My database crashed a couple of days ago during an upgrade several seconds
after committing a large transaction to the database. Eventually we found
out that this was due to the disk being full as the transaction had created
several gigs of data. A day or so later the disk is full again and
PostgreSQL crashes due to the pg_xlog file taking up all of the disk space.
I have cleaned up the drive to have so extra space which allows PostgreSQL
to start again but the xlogs are still increasing.
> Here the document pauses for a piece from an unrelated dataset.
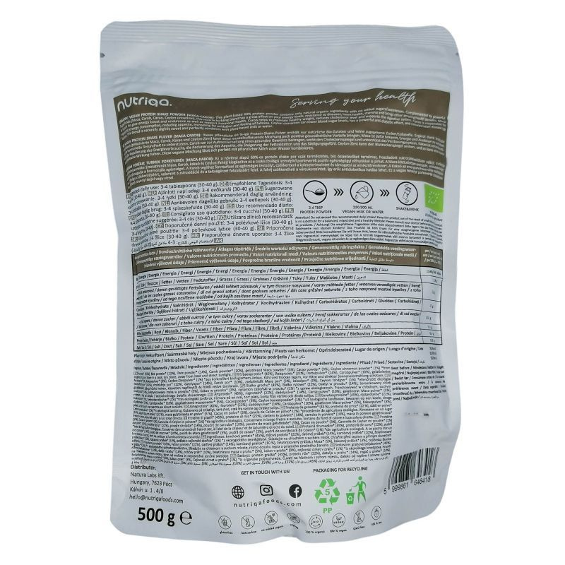 Erőteljes szuperélelmiszerekkel (zselatinizált Maca, Karob, kakaó és Ceyloni fahéj) kiegészítve ez a csokis ízvilágú izomépítő porkeverék pozitív egészségügyi előnyökkel is járhat. A Maca köztudottan energiát, állóképességet biztosít és támogatja a hormonális egészséget. A Karob segíthet fenntartani az egészséges testsúlyt, csökkenteni a koleszterinszintet és támogatni az emésztőrendszert. A Kakaó az energiafelhasználás szabályozásért, az étvágy csökkentéséért, valamint a zsíroxidáció és a teltségérzet fokozásáért felel. A fahéj csökkentheti a vércukorszintet, így erős antidiabetikus hatása lehet. Ez a vegán fehérje porkeverék tökéletesen kombinálható növényi tejjel vagy vízzel. Összetevők: borsófehérje és rizsfehérje por* (67%), datolyapor*, Karob por* (10%), zselatinizált Maca por*, kakaópor*, Ceyloni fahéjpor* *ellenőrzött ökológiai gazdálkodásból.
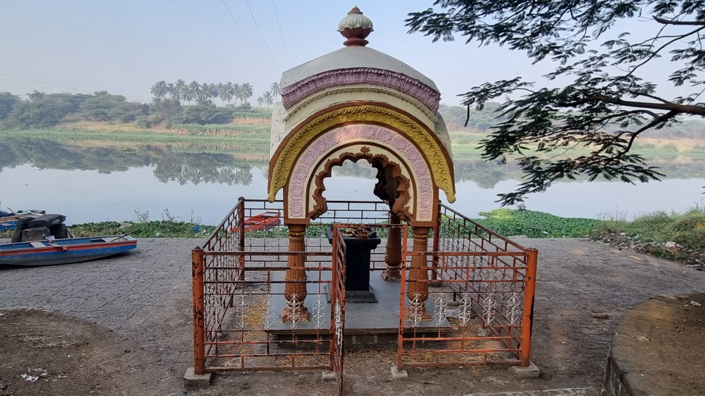 At Lonikand, left the Nagar highway and took Theur Kesnand road. Reached Sati Ramabai sthan on the banks of Mula Mutha river. Ramabai was wife of Shrimant Thorale Madhavrao Peshve.

I have two errors in my
pg_log:

"WARNING: transaction log file "00000001000000A800000078" could not be
archived: too many failures" and

"LOG: archive command failed with exit code 1
DETAIL: The failed archive command was: test ! -f
/opt/postgres/remote_pgsql/wal_archive/00000001000000A800000078 && cp
pg_xlog/00000001000000A800000078
/opt/postgres/remote_pgsql/wal_archive/00000001000000A800000078"

Postgres version 9.0.3 conf:

    -
    wal_level = hot_standby
    archive_mode = true
    archive_command = 'test ! -f /opt/postgres/remote_pgsql/wal_archive/%f
    && cp %p /opt/postgres/remote_pgsql/wal_archive/%f' # command to use to
    archive a logfile segment
    archive_timeout = 1800
    max_wal_senders = 1
    max_standby_archive_delay = 900s
    max_standby_streaming_delay = 900s
    default_statistics_target = 50 # pgtune wizard 2010-11-18
    maintenance_work_mem = 480MB # pgtune wizard 2010-11-18
    constraint_exclusion = on # pgtune wizard 2010-11-18
    checkpoint_completion_target = 0.9 # pgtune wizard 2010-11-18
    effective_cache_size = 5632MB # pgtune wizard 2010-11-18
    work_mem = 48MB # pgtune wizard 2010-11-18
    wal_buffers = 8MB # pgtune wizard 2010-11-18
    checkpoint_segments = 16 # pgtune wizard 2010-11-18
    shared_buffers = 1920MB # pgtune wizard 2010-11-18
    max_connections = 80 # pgtune wizard 2010-11-18


I've tried stopping postgres and then deleting the
00000001000000A800000078.ready file and starting postgres but this appears
to be recreated instantly and the error is still in the log file.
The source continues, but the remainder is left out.